Ms Mutoko will be in her house by six in the evening, go through a couple of next day’s plans, supper and a sleep soon after.

So what was the craziest thing she did while a BA student at the University of Nairobi?

Most of her stunts were typical of a tomboy. She, however, calls them bold moves.

"I don’t do crazy like conventional people. My idea of wild in campus was swimming in the main campus pool and eating at Kitchen One with the guys."

The rest sounds like she hit the go-slow-on-this-question button.

Mutoko had to overcome her short fuse to reach where she is now. After years of picking fights left, right and centre, she has learnt to write down what she wanted to say when she gets vexed, and let it sit for a day.

Lesson? After a day, the tone of the same words will change dramatically and can be said differently.

"I don’t suffer fools patiently. In fact, I can be very brutal. Problem is, once it’s out, there’s no going back."

Her first car was a Mitsubishi Outlander — being a late bloomer. After that, she went straight to the show room and bought a Mercedes E240.

Dos and donts

Ms Mutoko would never hire a close friend as firing him or her would be a task she is not ready to undertake.
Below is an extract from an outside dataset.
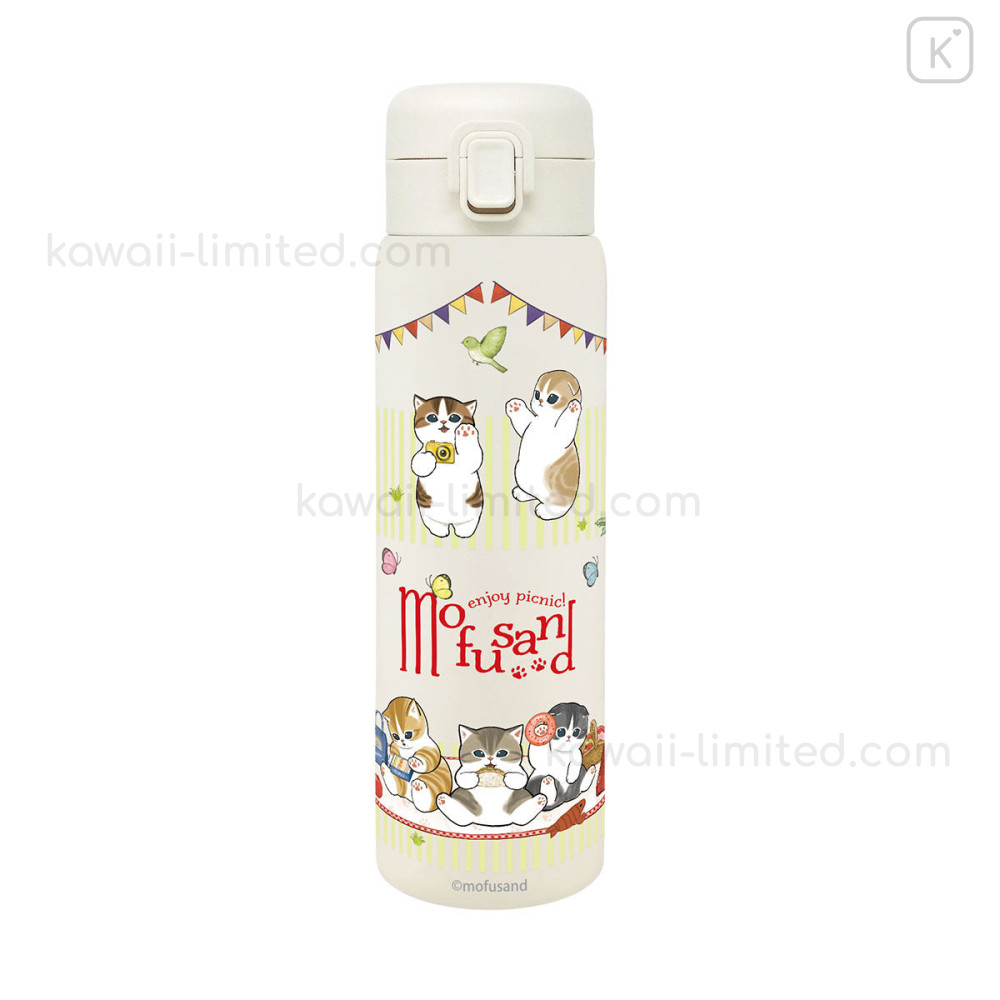 Japan Mofusand Stainless Steel One Push Bottle 480ml - Cat Enjoy Picnic

She would also never sleep in the dark and always has her lights on for fear of geckos.

What is the one thing she is daring to change about Kenya?

"The mentality of our people to hang-on to every word that comes from a politician’s mouth. It’s heart-breaking."

Ten years from now, she would want to be doing homework with her kids, farming on weekends, running a successful organisation and spending a bit more time with family and friends.

But for today, she wants to be a great daughter, a sister, a friend, colleague, employee and partner.

"If I get that right, everything else will fall in place."

But perharps, what has not come out in public limelight are her plans to adopt a baby.

"I want to give a child who otherwise wouldn’t have a chance, the gift of possibility. I was inspired by my Vice -Chairman, Sudi Vidyarthi and his wife and by Jimmi Gathu and his wife."

If not in the office at Kiss, Mutoko would rather be in Capetown at Cape Point watching the sun go down with a glass of wine.

Her basic rule for success?

"Do more than expected, do it better than expected and don’t settle for average."